WORK TO COMPLETE
Search the data below for "with"; list each line that holds it.

PROVIDED DATA

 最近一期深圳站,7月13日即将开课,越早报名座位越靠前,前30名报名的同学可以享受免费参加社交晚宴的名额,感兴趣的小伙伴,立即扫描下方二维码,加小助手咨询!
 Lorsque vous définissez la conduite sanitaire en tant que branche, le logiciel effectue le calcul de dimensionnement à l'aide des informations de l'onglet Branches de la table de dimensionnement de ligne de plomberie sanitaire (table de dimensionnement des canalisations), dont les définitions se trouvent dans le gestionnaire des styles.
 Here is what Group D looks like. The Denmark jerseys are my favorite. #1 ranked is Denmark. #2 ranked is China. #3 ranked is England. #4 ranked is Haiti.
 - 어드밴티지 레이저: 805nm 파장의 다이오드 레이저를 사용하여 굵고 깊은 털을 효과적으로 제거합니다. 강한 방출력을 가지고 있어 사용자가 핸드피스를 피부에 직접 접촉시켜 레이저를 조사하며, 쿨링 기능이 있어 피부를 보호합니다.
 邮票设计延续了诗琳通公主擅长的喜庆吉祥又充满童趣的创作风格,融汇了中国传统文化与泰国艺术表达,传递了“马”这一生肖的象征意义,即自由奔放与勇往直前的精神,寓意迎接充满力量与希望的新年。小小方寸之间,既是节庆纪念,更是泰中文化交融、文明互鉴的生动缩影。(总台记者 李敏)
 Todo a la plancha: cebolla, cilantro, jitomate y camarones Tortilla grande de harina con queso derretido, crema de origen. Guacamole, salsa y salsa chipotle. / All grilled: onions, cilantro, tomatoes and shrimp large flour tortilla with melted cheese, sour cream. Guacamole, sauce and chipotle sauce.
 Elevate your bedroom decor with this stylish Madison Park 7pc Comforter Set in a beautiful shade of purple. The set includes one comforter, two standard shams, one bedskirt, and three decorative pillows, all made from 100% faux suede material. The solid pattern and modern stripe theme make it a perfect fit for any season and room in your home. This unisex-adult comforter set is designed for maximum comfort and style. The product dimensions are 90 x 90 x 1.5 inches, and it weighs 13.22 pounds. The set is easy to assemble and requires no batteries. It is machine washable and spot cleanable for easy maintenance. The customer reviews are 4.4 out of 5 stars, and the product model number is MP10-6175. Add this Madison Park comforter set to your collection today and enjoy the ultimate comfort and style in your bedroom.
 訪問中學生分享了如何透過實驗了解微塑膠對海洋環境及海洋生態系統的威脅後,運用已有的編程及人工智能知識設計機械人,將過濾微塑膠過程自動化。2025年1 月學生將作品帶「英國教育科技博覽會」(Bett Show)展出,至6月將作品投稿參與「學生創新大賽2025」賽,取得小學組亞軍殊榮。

YOUR SOLUTION
 Todo a la plancha: cebolla, cilantro, jitomate y camarones Tortilla grande de harina con queso derretido, crema de origen. Guacamole, salsa y salsa chipotle. / All grilled: onions, cilantro, tomatoes and shrimp large flour tortilla with melted cheese, sour cream. Guacamole, sauce and chipotle sauce.
 Elevate your bedroom decor with this stylish Madison Park 7pc Comforter Set in a beautiful shade of purple. The set includes one comforter, two standard shams, one bedskirt, and three decorative pillows, all made from 100% faux suede material. The solid pattern and modern stripe theme make it a perfect fit for any season and room in your home. This unisex-adult comforter set is designed for maximum comfort and style. The product dimensions are 90 x 90 x 1.5 inches, and it weighs 13.22 pounds. The set is easy to assemble and requires no batteries. It is machine washable and spot cleanable for easy maintenance. The customer reviews are 4.4 out of 5 stars, and the product model number is MP10-6175. Add this Madison Park comforter set to your collection today and enjoy the ultimate comfort and style in your bedroom.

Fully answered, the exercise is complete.